Può sembrare una prigione ed effettivamente lo è. Ma lo stato di prigionia non sta nella forma ma nella sostanza.
È difficile da spiegare ma è semplice da capire, una volta che vi sarà chiaro sarà sempre sotto i vostri occhi.
E le vedrete… eccome se le vedrete le sbarre.
Non si tratta di una stanza grigia da cui è preclusa ogni fuga. O meglio, magari si tratta pure di quello, ma rimane comunque un semplice esempio di una teoria più grande e generale.
La mia prigione, nonché la mia prigionia, è un’ombra. Può trattarsi (e allo stesso tempo non trattarsi) di un’ombra che manifesta il mio corpo per via della luminosità (naturale o artificiale) che lo investe.
Ora mi sovviene un ricordo, quel videogioco per Nintendo Wii che si chiamava “The Last Story”. Una frase all’interno della narrazione mi colpì: “Più è grande la luce, più sarà grande l’ombra che proietterà”.
Non è forse così per la vita di tutti i giorni? Ma forse vi confondo… Forse mi confondo.
Sappiate che questa “cosa” gravita su di me, una sorta di nuvola grigia che mi segue e che mi insegue, una sorta di custode oscuro.
Detto così sembra inquietantissimo, e forse lo è, ma è meno grave di quello che si può pensare. In un certo senso siamo noi, o meglio quello che immaginiamo essere noi. È una consistenza che esiste per noi e nessun altro, una sostanza che si è modellata sulla nostra forma.
L’altro giorno, tuttavia, ho provato a scendere a patti. Non credo che essa sia, né che debba essere. Ma sta di fatto che è ed è presente.
E allora ho chiesto domande che mi facevano ribrezzo al solo pensiero, parole che a formularle davano il voltastomaco. La risposta dell’ombra, ovvero la risposta del me medesimo che non è ma che in questo momento c’è, fu una risposta lapidaria.
Ed ero così orripilato dalla domanda che la risposta non fece neanche troppa paura. Probabilmente è tutto una menzogna: la risposta in primo luogo, la domanda in secondo luogo e questo intero scritto in terzo luogo.
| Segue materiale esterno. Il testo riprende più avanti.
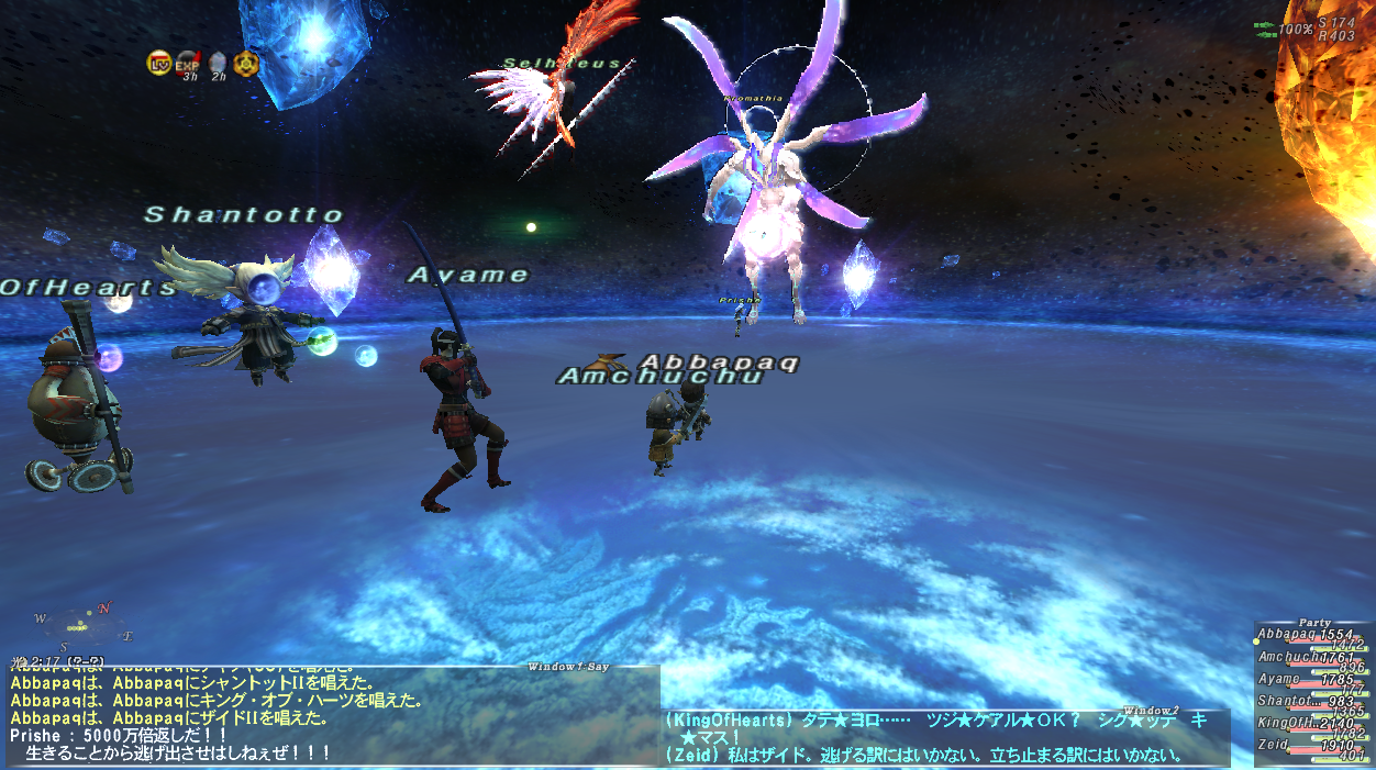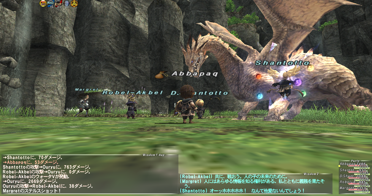 盾フェイスに3匹のタゲが集まったので、フェイスがピンチになったりしたが、運良くアークGKやシャントットなどが適当にタゲを取ってくれたし、Paqもフェイスの回復に回ったので、乗り切れた。

Fatto sta che esemplificato non si renderebbe il gioco, qualsivoglia esempio, qualsivoglia domanda si possa formulare o risposta fornire.
Ma arriviamo alla parte saliente del tutto, quella che per me ancora non è, ma che so che sarà (o quantomeno, so che potrebbe essere).
All'ombra diffusa che m’avvolge
Chiedo d’illuminar la notte di colore
Per librar oltre il punto in cui lo sguardo si volge
Affinché io possa ricongiunger all’antico calore.
- Gianluca Boncaldo, Ombra diffusa
È lì (forse) che è avvenuto, avviene e avverrà il miracolo.
Anzi, il miracolo non è mai avvenuto perché è da sempre e per sempre presente. Posta la domanda giusta e fornita la risposta corretta, l’ombra si dischiude da sé. E badate bene, io sto solo descrivendo l’esperienza visiva che si prova. Perché di fatto si transita dalla menzogna alla verità, dal parziale al totale.
In quel momento si è visto, si vede e si vedrà che l’ombra è in realtà luce. La paura e il disgusto sporcano di pece, cambiando nomi alle cose e fraintendendo la realtà. Ma ora so, ora so che (forse) saprò.
Ciò che mi rimane da dire è ben poco rispetto all’immane fatica alla quale vi esorto: trasformate in luce le vostre ombre, o meglio, scoprite la luce dalle vostre ombre. E questo è tutto, così come niente.